A federal judge blocked the Trump administration on Tuesday from banning transgender people from serving in the military.
In a forcefully written opinion that rebuked the president’s effort, U.S. District Judge Ana C. Reyes issued an injunction that allows trans troops to keep serving in the military, under rules that were established by the Biden administration, until their lawsuit against the Trump administration’s ban is decided.
“The ban at bottom invokes derogatory language to target a vulnerable group in violation of the Fifth Amendment,” Judge Reyes wrote.
According to the Defense Department, about 4,200 current service members, or about 0.2 percent of the military, are transgender. They include pilots, senior officers, nuclear technicians and Green Berets as well as rank-and-file soldiers, sailors, airmen and Marines. Despite their relatively small numbers, they have been a disproportionate focus of the Trump administration.

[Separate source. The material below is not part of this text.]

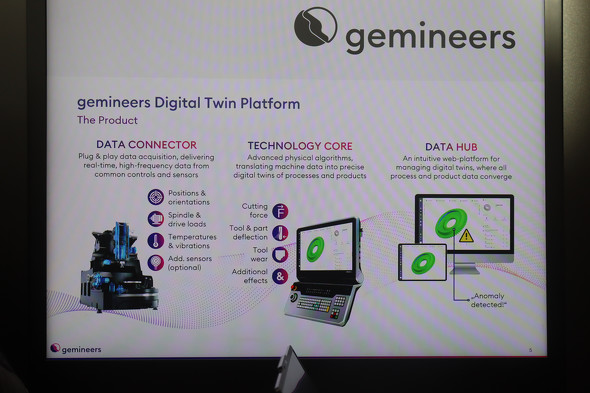 ドイツのgemineersでは、デジタルツイン技術による加工プロセスのモニタリングが可能になるソフトウェアを提供している。2021年設立のgemineersは、欧州有数の応用研究機関であるフラウンホーファー研究機構発のスタートアップ企業だ。社名は、ラテン語で双子を意味するgeminiとengineer(エンジニア)を組み合わせた造語となっている。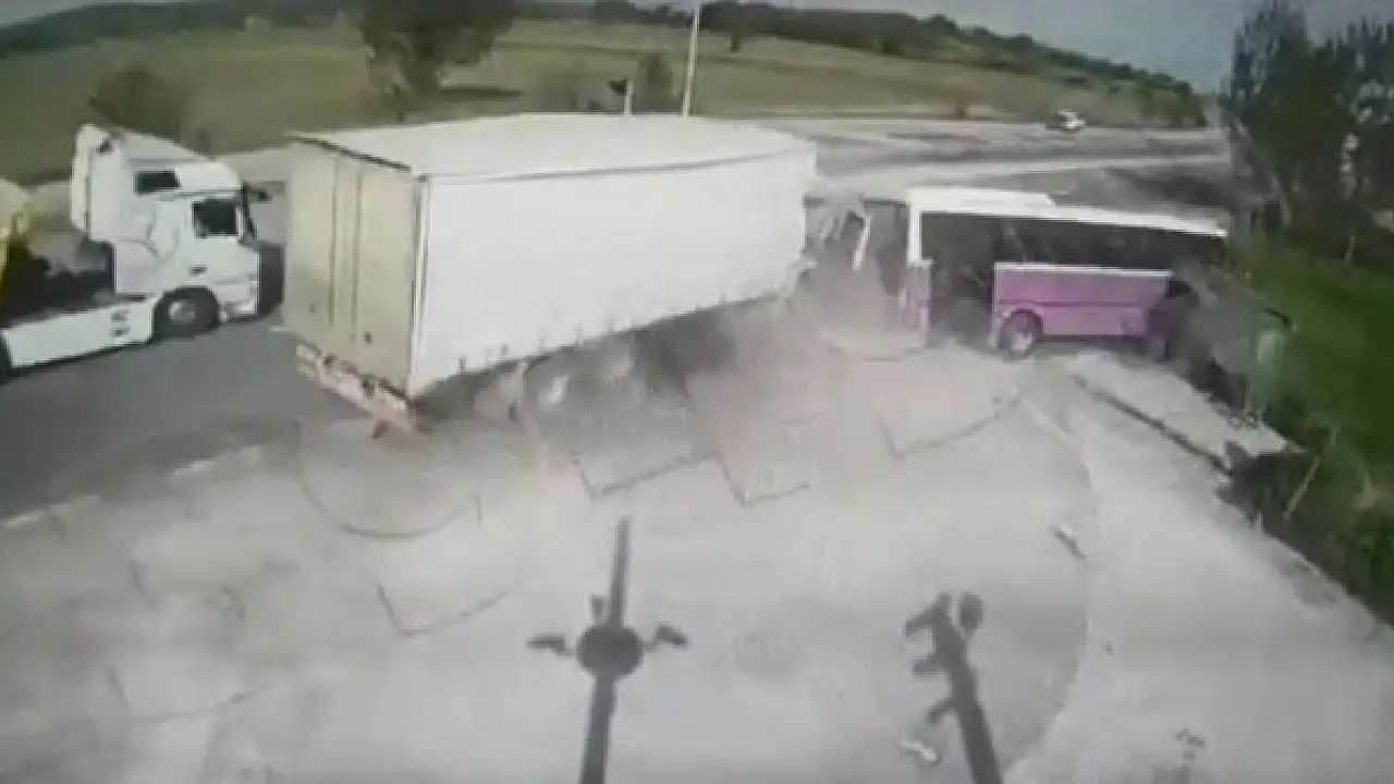 Sakarya'nın Söğütlü ilçesinde kamyonun, yolcu indirmek için durağa yanaşan özel halk otobüsüne çarptığı kazada 1 kişi öldü, 10 kişi yaralandı. Kaza, güvenlik kamerasına yansıdı.

In January, President Trump signed a caustically worded executive order saying that trans troops had afflicted the military with “radical gender ideology,” and that the “adoption of a gender identity inconsistent with an individual’s sex conflicts with a soldier’s commitment to an honorable, truthful and disciplined lifestyle, even in one’s personal life.”
In February, the Defense Department issued new policies that included the same language, and said that all trans troops, regardless of merit, would be forced out of the military.